Some key marketing metrics include:
Conversion Rate
A conversion is the act of converting a lead into something more. This can be different for each organization. There are macro conversions, such as an online shopper adding a product to their cart. There are also micro conversions, such as downloading a white paper. Conversion metrics are key because they track how effective an organization is throughout the marketing funnel.
To calculate the conversion rate, divide the total number of conversions by the total number of sessions, and then multiply it by 100.
Email Opt-In Conversion Rate
Subscribing to an email newsletter is another example of a micro conversion. This is the percentage of visitors to a website who sign up for that organization’s email list. An opt-in signals an interest in that organization’s products or services on behalf of the customer. A high conversion rate suggests two things:
- The company has a product or service that interests people.
- The website is well-designed and compels people to sign up for their email marketing content.
Customer Acquisition Cost
This metric speaks to marketing effectiveness. This is how much it costs a business to acquire a single customer. The cost here covers sales, marketing and anything else required to convert a lead into a customer.

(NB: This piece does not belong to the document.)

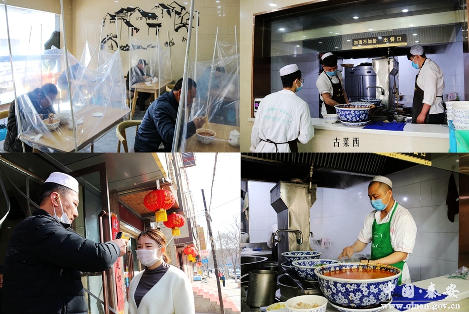在秦安縣“絲路安瀾”“古萊西”等牛肉面館,記者看到體溫測量器、酒精消毒液、食客姓名登記表、無接觸支付碼、“Z”型隔斷、“1.5米”的地標(biāo)也都成了疫情防控期間牛肉面館的“標(biāo)配”。在營業(yè)前,牛肉面館都會(huì)對(duì)員工健康狀況進(jìn)行檢查,對(duì)店內(nèi)區(qū)域進(jìn)行全面消殺,確保市民吃上“放心餐”。

To calculate customer acquisition cost, add up all costs involved in acquiring new customers in a specific period, then divide that total by the number of new customers who made purchases during that period. It’s important to include only first-time buyers, as including repeat or return customers will skew the data.
Cost Per Lead
A lead is somebody who’s likely to become a customer. As marketing metrics, cost per lead complements cost per customer.
To calculate cost per lead, add up the total marketing spend in a given period and divide that by the number of new leads.
Customer Lifetime Value
Marketing metrics can tell you how many customers you have and how much it cost you to acquire them. But what do you get out of the average customer?
To calculate customer lifetime value, multiply how much the average customer spends on a purchase by the average purchase frequency. Then multiply that number by the average lifespan of the customer relationship.
For example, say your average customer spends $100 three times per year and they typically remain a customer for 3 years. The equation would look like this: 100 x 3 x 3 = $900.
Traffic Source
The traffic source can influence other metrics, such as the bounce rate. This is where visitors are coming from. Google Analytics is a great tool for figuring out how people get to your website, such as through organic search, paid search, email, social media, referrals from other sites or by directly typing your website’s URL into the search bar.
If a lot of your website traffic comes from organic searches as people go to your blogs, this tells you that your SEO content marketing strategy is working and that you’re addressing in-demand topics. It might also shed light on your bounce rate.
Traffic source can help you modify your marketing strategy. If one channel is doing great while another is struggling, you know where you can improve. For example, if your email marketing is a major source for visits, yet hardly anybody comes from social media, then you probably need to up your social media game.
Abandonment Rate
What’s being abandoned here is a (virtual) shopping cart. This is one of the key marketing metrics for e-commerce businesses. If an oddly high number of people put products in their cart but then fail to complete the transaction, something is wrong.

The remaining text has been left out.